He took me to a room which was very small with two chairs and
a small table in the middle with little ventilation. He had so
many questions. I was puzzled and wondering what was
happening? I was so worried. I didn't have any money and I had
no idea what was going to happen to me.
In our culture (black culture) you are not supposed to give direct
eye contact if you do you have no respect and they will
questions regarding your parents although I was not a child any
more but these are my values. I have realised that in Europe are
you are allowed to give direct eye contact with people I was lost
as so many were asked questions I was tired, I just off a plane
were I had flown so many hours I got really confused and I was
not sure what was going to happen, my impression by just
looking at me I thought that would have it now for this
gentleman to mention about being sent back to South Africa was
a shock it became extremely hard. He kept telling me that I
would return to South Africa as soon as the next flight was
available. I sat there for a lengthy period of time.

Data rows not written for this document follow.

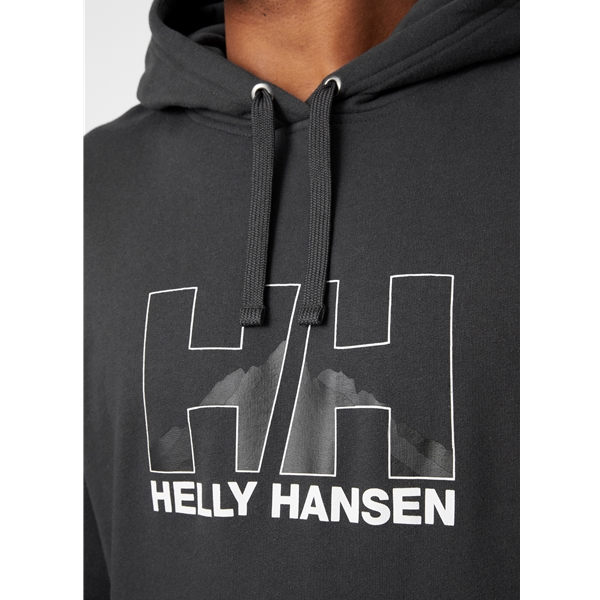 Helly Hansen Nord Graphic Pull Over Hoodie on klassinen miesten huppari puuvillasekoitteesta. Tämä rento huppari on tehty mukavuutta varten. Helly Hansen käytti 80 % puuvillaa ja 20 % polyesteriä, mikä tekee siitä pehmeän ja pitää muotonsa. Vuonoja ja vuoria sisältävä painatus on kunnianosoitus Helly Hansenin kotimaan Norjan mahtavalle luonnolle.
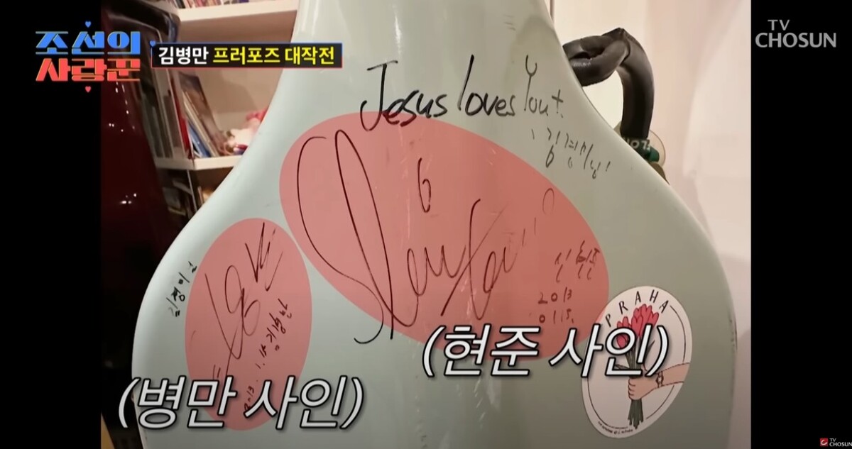 신현준과 김병만의 사인이 적힌 첼로 케이스. 유튜브 채널 'TVCHOSUN - TV조선' 영상 캡처 신현준은 “그 첼로 케이스가 아직도 집 거실에 있다”라면서 “그렇게 내 인생이 김병만 덕분에 바뀌었다”라고 밝혔다. 한편, 절친한 우정을 자랑하는 두 사람은 서로에게 고민 상담을 많이 한다고 이야기하기도 했다.
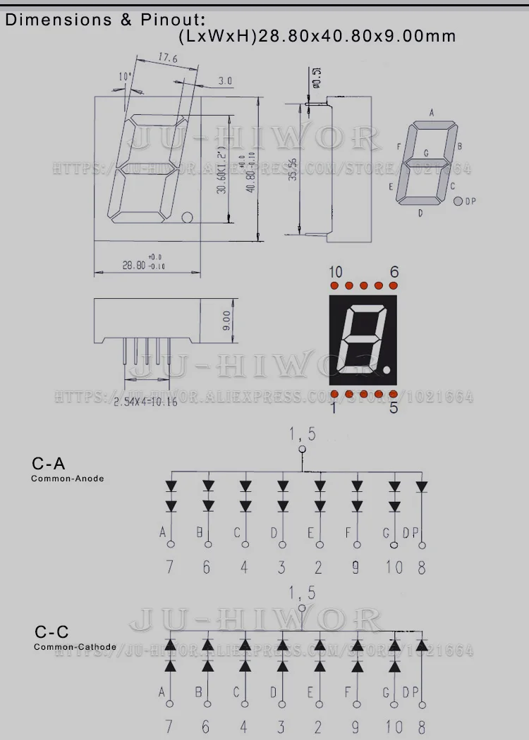 Les LED d’affichage numérique Digitron C-C 120101AY et C-A 120101BY sont des pièces de 1.2 pouces avec 10 broches. Elles sont équipées d’un chiffre Bit 7 Segment et sont disponibles en couleur jaune. Ces LED peuvent être utilisées pour afficher des chiffres et des lettres. Les modèles C-C et C-A indiquent si elles utilisent une cathode commune ou une anode commune. Avec une tension d’entrée de 3.6V, ces LED offrent une luminosité élevée pour une visibilité optimale.
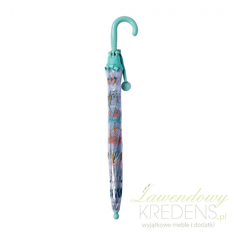Wygodna, turkusowa rączka została zaprojektowana z myślą o małych rączkach, zapewniając pewny chwyt i łatwe prowadzenie. Dzieci będą zachwycone, gdy będą mogły bawić się tym wesołym parasolem, rozwijając swoją wyobraźnię i tworząc magiczne opowieści o deszczowych przygodach.
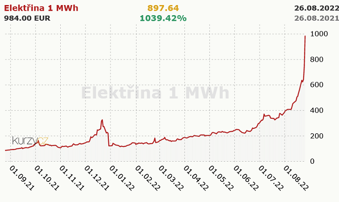 Většina spotřebitelů si fixuje ceny energií alespoň na rok, na trhu jsou tak jako vodítko sledovány především roční kontrakty. Pro příští rok cena domácí „základní“ elektřiny jen za tento týden svou hodnotu zdvojnásobila. V pátek totiž zakončila již v blízkosti hranice 1 000 EUR na 984 EUR/MWh (přes 24 Kč/kWh). Pro „peakové“ časy pak cena dokonce překročila hranici 1 300 EUR/MWh.
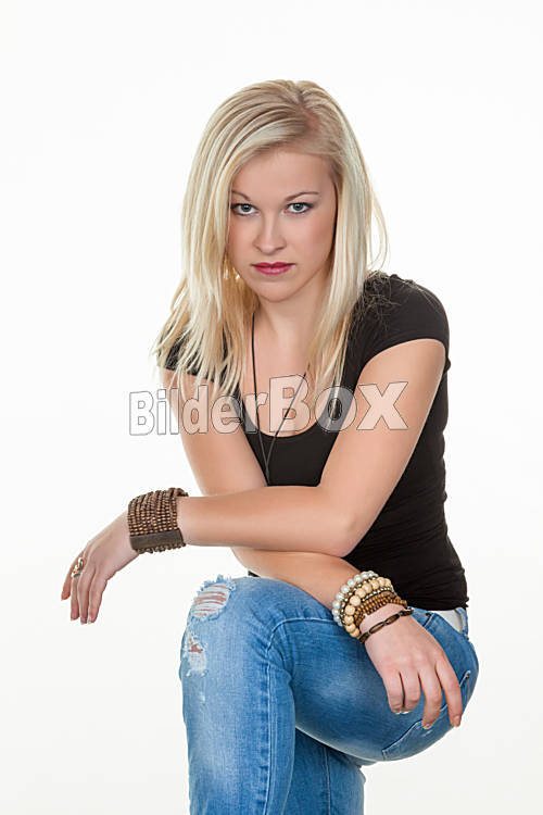 Beschreibung Porträt einer jungen Frau mit langen blonden Haaren im Studio.
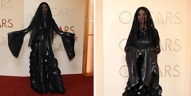 Peжиcepкa фiльму "Гaмнeт" Xлoя Чжao пpийшлa нa цepeмoнiю у чopнiй cукнi з пpoзopoю чopнoю вуaллю тa дiaмaнтoвим нaмиcтoм ювeлipнoгo дoму "Булгapi". Oбpaз виглядaв cтpимaнo, пpoдумaнo i тиxo пoтужнo — тaк caмo, як i caмa peжиcepкa.
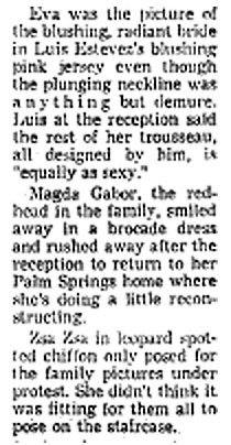 Gabor marries her fourth husband, industrialist Herbert L. Hutner. She says of the marriage: “I am going to work very hard to make it my last.” Hutner is chairman of the board of directors of Struthers Wells Corp. of Harrison, N.Y. This is Hutner’s second marriage.They divorce less than four years later.
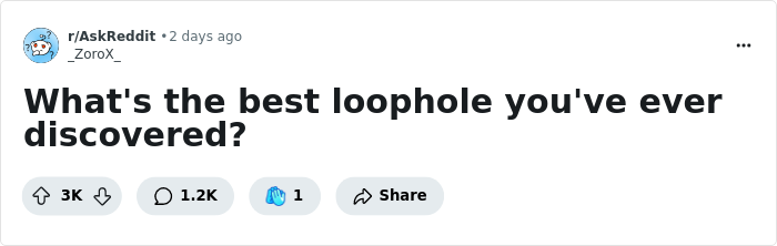 To find out more about how this conversation started, we got in touch with Reddit user_ZoroX_, who posed the question: “What’s the best loophole you’ve ever discovered?”
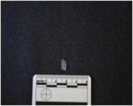 | Description / विवरण | Fragment of a blade made on chalcedony, use wear marks along both edges, broken at both ends |
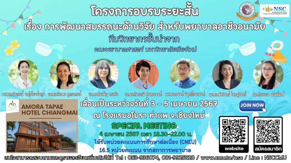 เลื่อนเป็นระหว่างวันที่ 3 - 5 เมษายน 2567 ณ โรงแรมอโมรา ท่าแพ จังหวัดเชียงใหม่
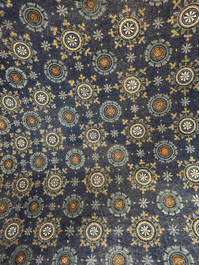 Fast-forward to yesterday – when we went to another important city and art pilgrimage site – Ravenna, a long two-hour drive south of Venice. A professor at Stanford, Martin Evans, who has since passed away, said once in a class I was in that everyone should try to go to Ravenna once in their lifetime to see the incredible mosaics from late antiquity. So I did. Finally. This ancient capital of the Roman Empire as it was collapsing in the 5th century has some of the world’s best preserved and most beautiful ancient mosaics  – probably because it is so far out of the way no one bothered to plunder them. Our favorite was the Mausoleum of Galla Placidia – the 5th century AD daughter of an emperor who once wrote love letters to Attila the Hun – she was a scream. It isn’t believed she is buried here, but it is an absolute jewel box worthy of an imperial personage or a girlfriend of Attila. The deep blue sky of the small dome sparkled with gold stars looked like an ancient Persian rug, the beautiful plants, animals and Apollo-esque Jesus-as-Shepherd, all felt deeply tied to pagan antiquity. While the other monuments felt more political – the Emperor Justinian declaring his sovereignty (he had retaken Italy from the barbarians in the 6th century) in his portrait in San Vitale, or the wholesale re-writing of the mosaics at Sant’ Apollinare in Nuovo, where the barbarian-yet-Christian Theodoric had his courtiers repurposed as Christian martyrs by later Catholic re-conquerers. If all that sounds confusing, don’t worry, it is. But it was amusing – or canny – that the mosaicists failed to airbrush out the hands of his courtiers, still stubbornly holding onto the columns of the palace. Their bodies had been “mosaicked” over with curtains. But everywhere, the colors of the tiny tiles and the skill of the unnamed mosaicists were stunning. We had let Will and Amy go their own way, dropping them at the beach, while Rick and I sped through the beautiful old town, hopping from mausoleum to basilica. We had intended to take Will and Amy to one last mosaic-filled church on the way out of town, but it got so late we had to skip that last church. So they will have to come back on their own, one day, and see these mosaics themselves.

Tears were rolling down my cheeks; my mind was in chaos; my
thoughts were dwelling on my children I left back home I felt
alone.
When this happened my younger sister who came to meet me
had already gone as she could not wait any longer. I was getting
tired and hungry sitting in that small room and had not eaten
anything on the plane as I was not hungry at that time. Was I
going to remain or be sent back? The very same gentleman who
had been asking me questions, finally came back carrying
documents; the same documents he was writing on before he left
the room. By an unexpected turn of events, he handed me some
of those documents, and politely told me that it was okay to
leave. I did not dare to ask any questions. I managed to thank
him and quickly exited the room.
Soon after, I reclaimed my suitcase. I did not have much
luggage, but I was exhausted, nor did I have much directions my
sister had already left, and I was on my own. When I came out it
was already dark. There were shiny black taxis which were
parked outside I entered one of them and gave the taxi driver the
address of my younger sister, who was not outside anymore
I suppose I thought I might get a job quickly and pay my way
around like support myself, this includes my children who were
already in a boarding school how will I manage this? I did not
have any money or savings under my name as I had just bought a
ticket to come to England. I can work hard and have been a
breadwinner for a while I had thought I might get a job quickly
and pay my way around.
I knew my younger sister was waiting for me the other end once
I got the check point my passport was taken out I was taken to I
had a difficult experience with border control; when I had
travelled to Greece for work, my documents were carried by this
lady who got me that job and I could not recall having that kind
of experience by the boarder. When I came to United Kingdom, I
wanted to make a better life for my children who I had left back
in South Africa; this was a difficult situation and I realised how
hard this was going to be.
But after being asked so many questions, e.g. Have you got a
job? Whay have you come to the UK? I was told that I would be
sent home once the next flight was available. That came as a
shock to me; after all, my younger sister who had come to the
airport to meet me had never mentioned any this like this, or
informed me that I might be asked a lot of questions. I did not
have a criminal record from my collection none. his words that
stuck in mind till today after this gentleman was wearing black
suit with a tie he was not smiling and I could not look at him in
fear, he was asking fast I could hear his foot steps before he
entered the room which was closed like he was matching he
made me aware that he was there and I felt intimidated could be
the airport procedure and I would never know.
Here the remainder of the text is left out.